* Data block:
################
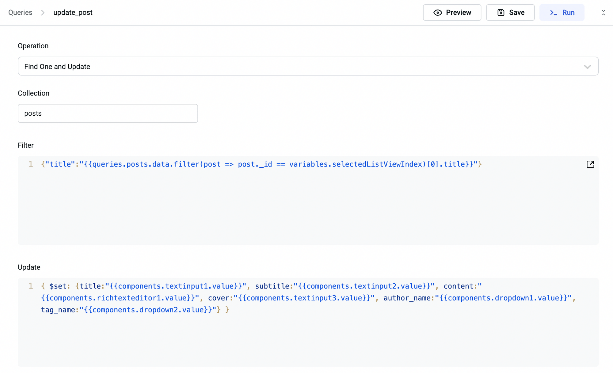 {{queries.posts.data.filter(post => post._id == variables.selectedListViewIndex)[0].title}}
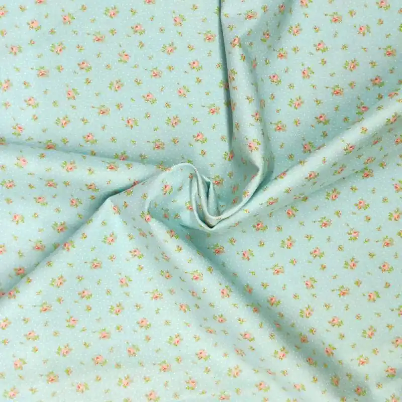 Tessuto verde acqua a pois con fiorellini – Moda Fabrics, Bespoke Bloom Popolare
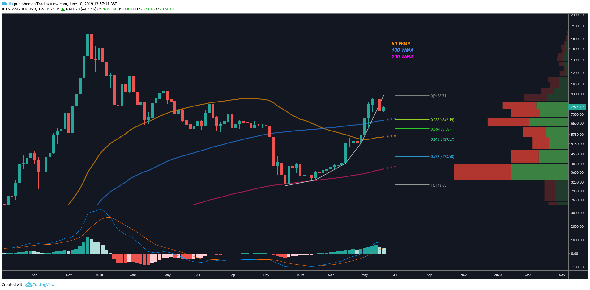 Should BTC price lose support at $7500, there is the 100 WMA and 38.2% retracement level below at $6842, which is also a high level of volume interest as shown by the VPVR. Therefore, this is likely to act as a first attempt to defend bitcoin, should we see a selloff.
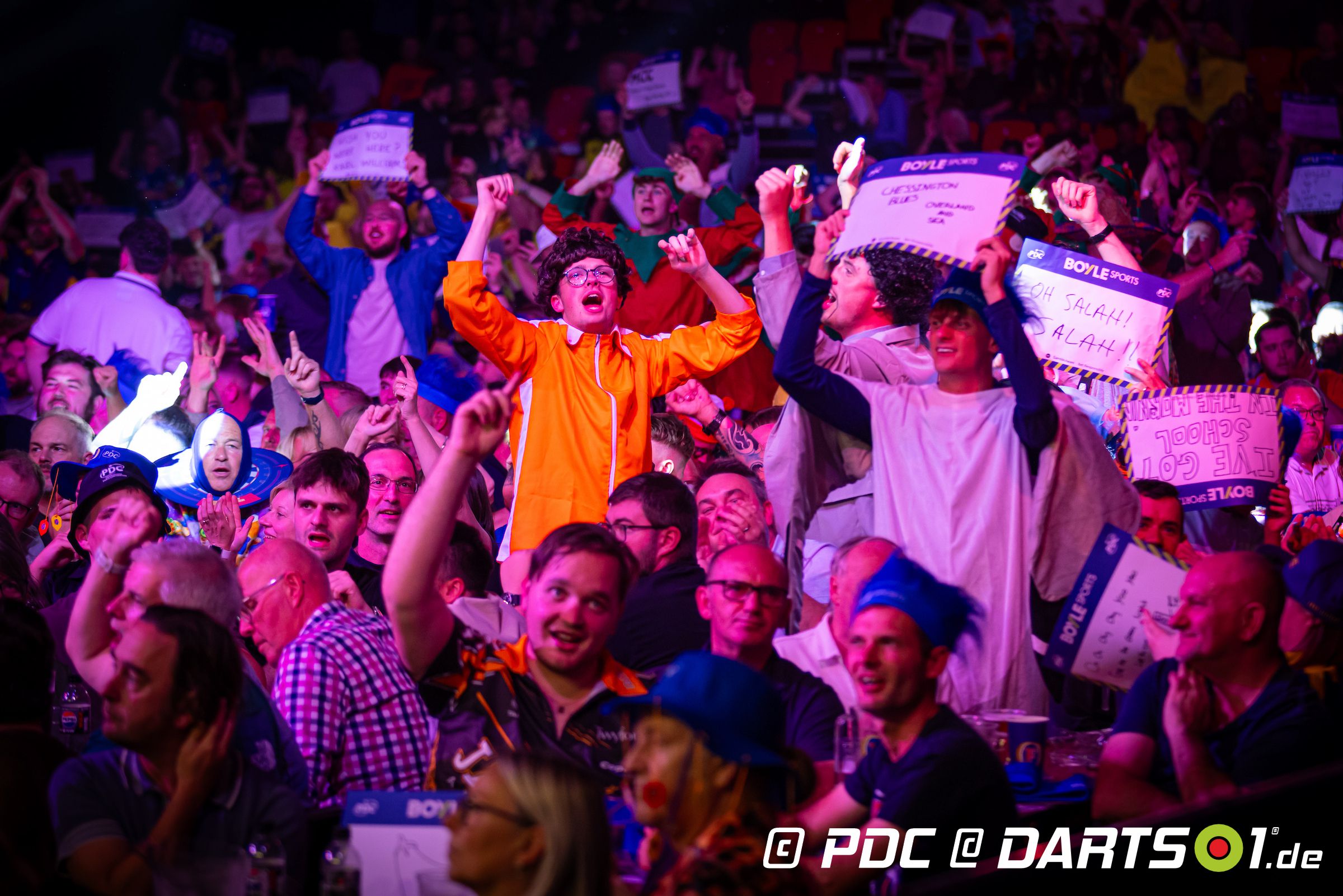 Zum Abschluss des Abends durfte auch Josh Rock jubeln. Der Nordire setzte sich in einer wechselhaften Partie gegen Ryan Joyce mit 2:1 durch. Nach einem Fehlstart drehte Rock im zweiten Satz auf, ehe er im entscheidenden Durchgang mit einem 108er-Finish den Sack zumachte. Für den jungen Nordiren war es der erste Sieg überhaupt beim World Grand Prix.
################
* Exercise: Transcribe all the data word for word; the images stay out.

* Reply:
 {{queries.posts.data.filter(post => post._id == variables.selectedListViewIndex)[0].title}}
 Tessuto verde acqua a pois con fiorellini – Moda Fabrics, Bespoke Bloom Popolare
 Should BTC price lose support at $7500, there is the 100 WMA and 38.2% retracement level below at $6842, which is also a high level of volume interest as shown by the VPVR. Therefore, this is likely to act as a first attempt to defend bitcoin, should we see a selloff.
 Zum Abschluss des Abends durfte auch Josh Rock jubeln. Der Nordire setzte sich in einer wechselhaften Partie gegen Ryan Joyce mit 2:1 durch. Nach einem Fehlstart drehte Rock im zweiten Satz auf, ehe er im entscheidenden Durchgang mit einem 108er-Finish den Sack zumachte. Für den jungen Nordiren war es der erste Sieg überhaupt beim World Grand Prix.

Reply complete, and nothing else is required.